___ Records for the exercise ___

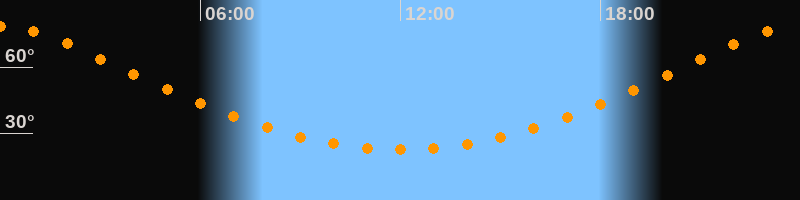 | Höchster Stand (Kulmination) | 23:59 Uhr (h = 78,5°) |
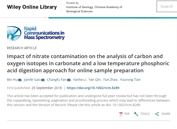 (含硝酸盐碳酸盐碳氧同位素分析方法发表于2018年9月25日的《质谱学快报》上)
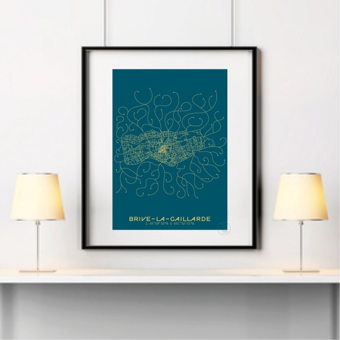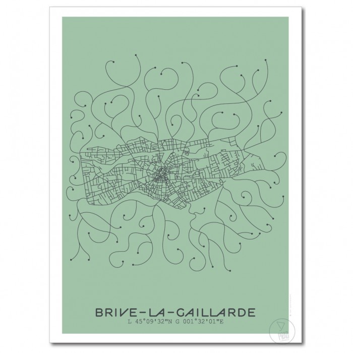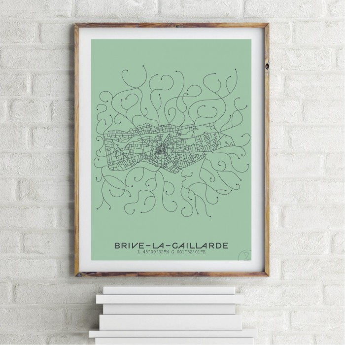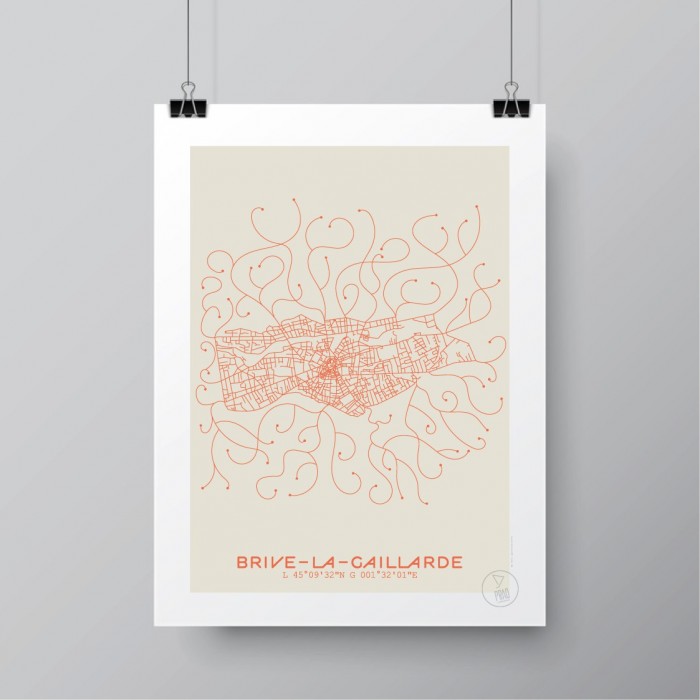Affiche du plan de ville de Brive-la-Gaillarde, créée avec le style minimaliste et moderne du Prao Studio. Imprimée en 30x40 à La Rochelle et disponible en quatre couleurs.
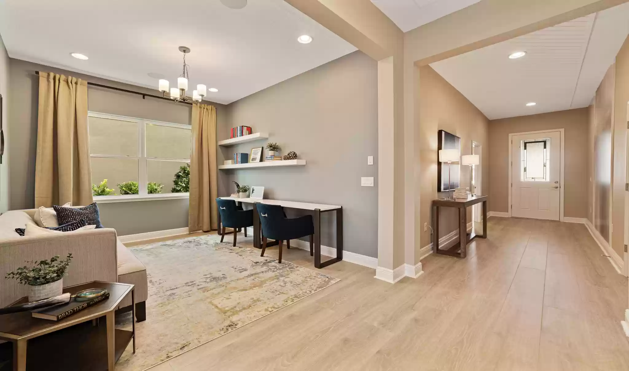Multi-generational design that provides a private living room and opts. small kitchen. Extra Suite Plus with additional acoustic insulation for greater comfort. Cozy grand foyer with optional tray ceiling. Impressive kitchen with large central island. Large great room overlooking the terrace. The price does not include the land premium.
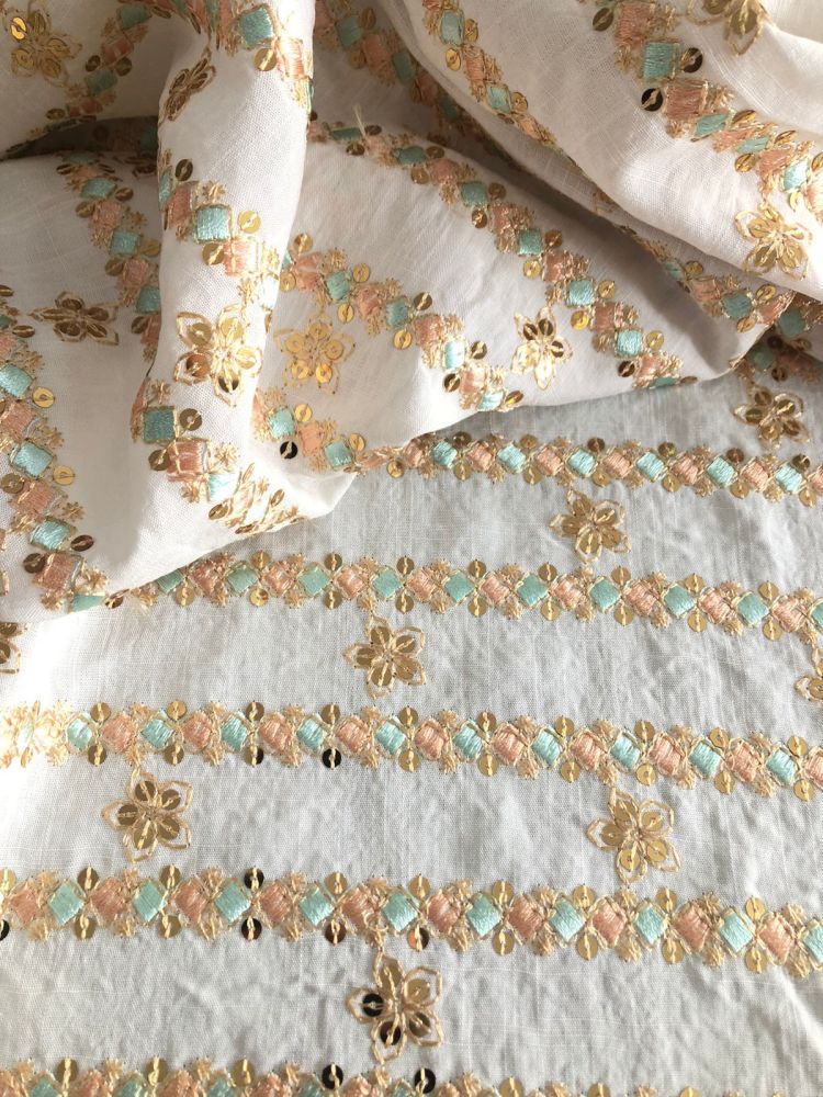 Tecido Viscolinho Bordado Indiano Bali Verde
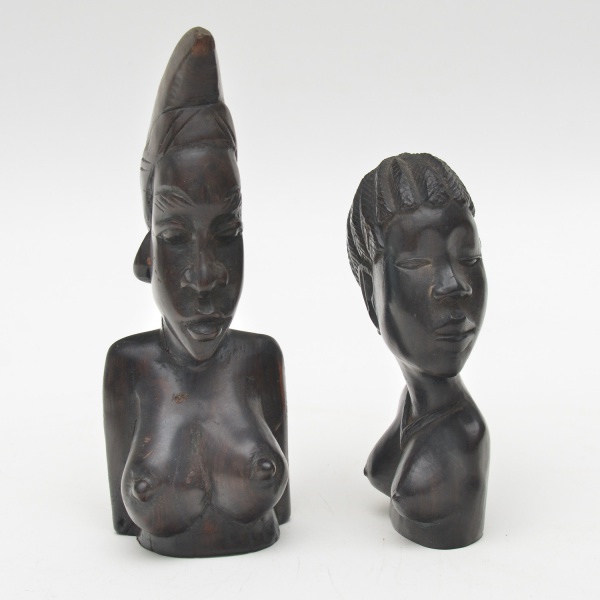 • Par de esculturas representando bustos femininos africanos talhados em madeira maciça em tonalidade escura. 19x7x5cm.
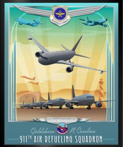 The Boeing KC-46 Pegasus is an American military aerial refueling and strategic military transport aircraft developed by Boeing from its 767 jet airliner. In February 2011, the tanker was selected by the United States Air Force as the winner in the KC-X tanker competition to replace older Boeing KC-135 Stratotankers. The first aircraft was delivered to the USAF in January 2019. The USAF intends to procure 179 tankers by 2027. Check out this stunning JB McGuire-Dix-Lakehurst 911th ARS Art by – Squadron Posters! Collect all your military travels and tell your story!
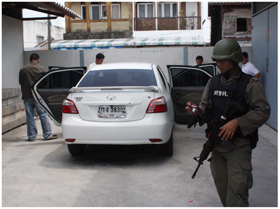 2 รถยนต์เก๋งยี่ห้อโตโยต้า รุ่นวีออส สีขาวของ น.ส.มยุรี ไชยอูมา ซึ่งถูกคนร้ายจ่อยิงปางตายหลังจอดรถในย่านตลาดเก่า อ.เมืองยะลา
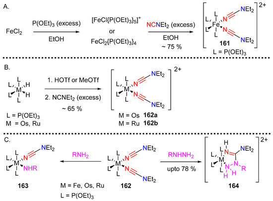 - Albertin, G.; Antoniutti, S.; Caia, A.; Castro, J. Preparation and Reactivity Towards Hydrazines of bis(cyanamide) and bis(cyanoguanidine) Complexes of the Iron Triad. Dalton Trans. 2014, 43, 7314–7323. [Google Scholar] [CrossRef] [PubMed]
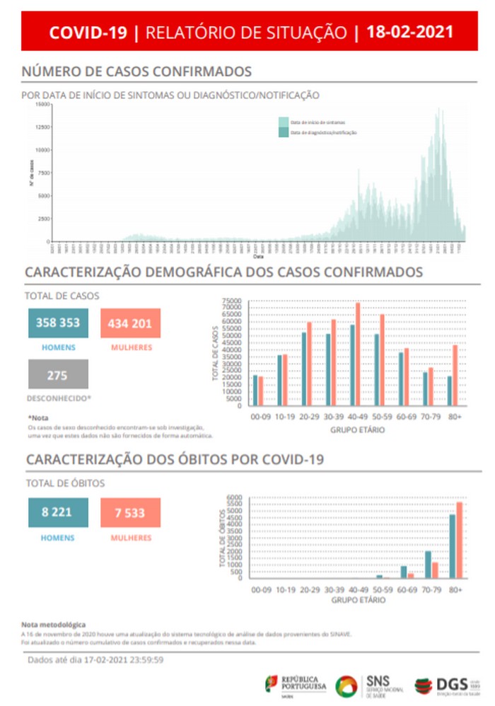 O novo coronavírus já infetou em Portugal, pelo menos, 358.353 homens e 434.201 mulheres, referem os dados da DGS, segundo os quais há 275 casos de sexo desconhecido, que se encontram sob investigação, uma vez que estes dados não são fornecidos de forma automática.
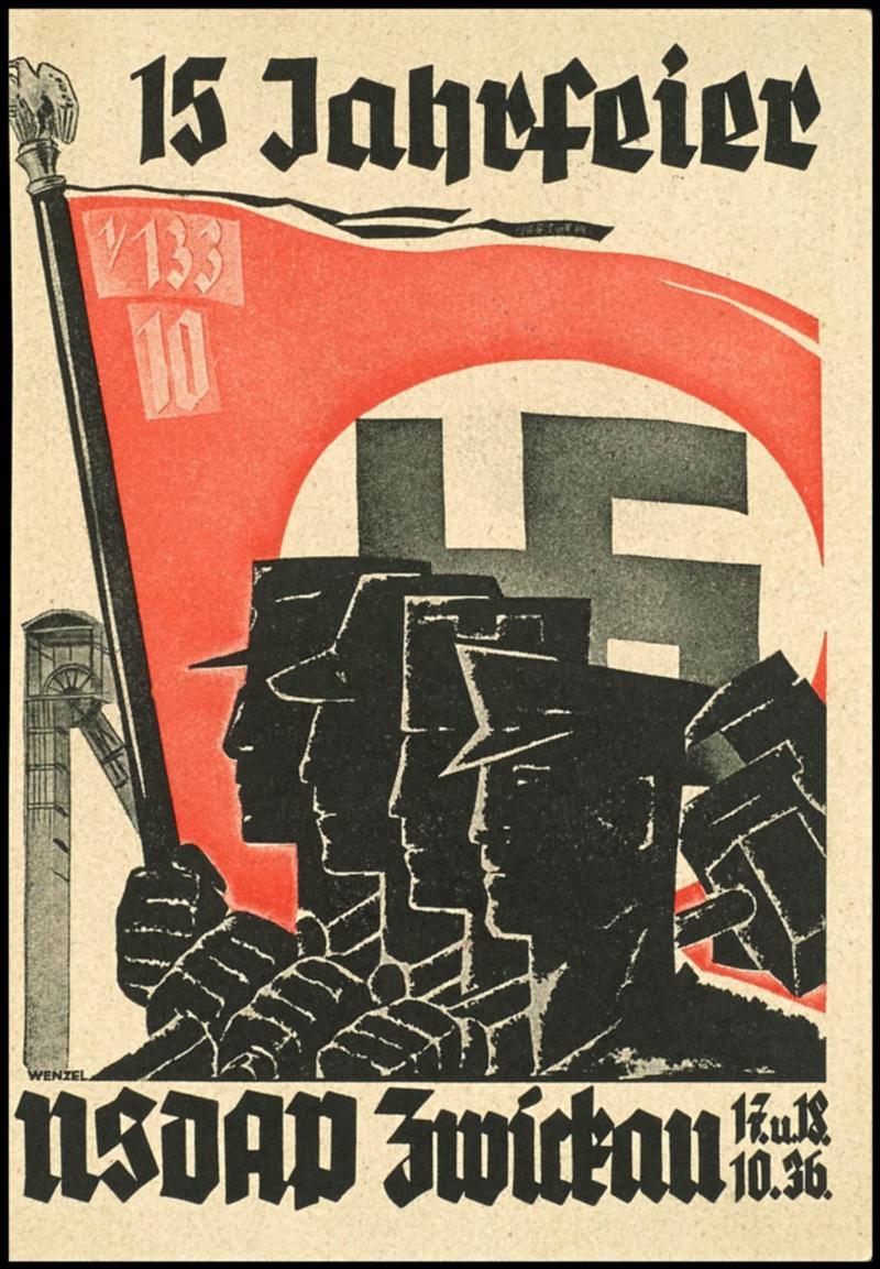 1936, 15 years NSDAP Zwickau, multicoloured card "men with flag before pit wheel", mailed to Oschatz, special cancel "Zwickau 18.10.36" (Image 1)(Image)

___

Task directions -
Line for line, output the entries above from the line with "Tecido Viscolinho Bordado Indiano Bali Verde" to the line with "O novo coronavírus", both included, and nothing more. Skip pictures.

Response to this task -
 Tecido Viscolinho Bordado Indiano Bali Verde
 • Par de esculturas representando bustos femininos africanos talhados em madeira maciça em tonalidade escura. 19x7x5cm.
 The Boeing KC-46 Pegasus is an American military aerial refueling and strategic military transport aircraft developed by Boeing from its 767 jet airliner. In February 2011, the tanker was selected by the United States Air Force as the winner in the KC-X tanker competition to replace older Boeing KC-135 Stratotankers. The first aircraft was delivered to the USAF in January 2019. The USAF intends to procure 179 tankers by 2027. Check out this stunning JB McGuire-Dix-Lakehurst 911th ARS Art by – Squadron Posters! Collect all your military travels and tell your story!
 2 รถยนต์เก๋งยี่ห้อโตโยต้า รุ่นวีออส สีขาวของ น.ส.มยุรี ไชยอูมา ซึ่งถูกคนร้ายจ่อยิงปางตายหลังจอดรถในย่านตลาดเก่า อ.เมืองยะลา
 - Albertin, G.; Antoniutti, S.; Caia, A.; Castro, J. Preparation and Reactivity Towards Hydrazines of bis(cyanamide) and bis(cyanoguanidine) Complexes of the Iron Triad. Dalton Trans. 2014, 43, 7314–7323. [Google Scholar] [CrossRef] [PubMed]
 O novo coronavírus já infetou em Portugal, pelo menos, 358.353 homens e 434.201 mulheres, referem os dados da DGS, segundo os quais há 275 casos de sexo desconhecido, que se encontram sob investigação, uma vez que estes dados não são fornecidos de forma automática.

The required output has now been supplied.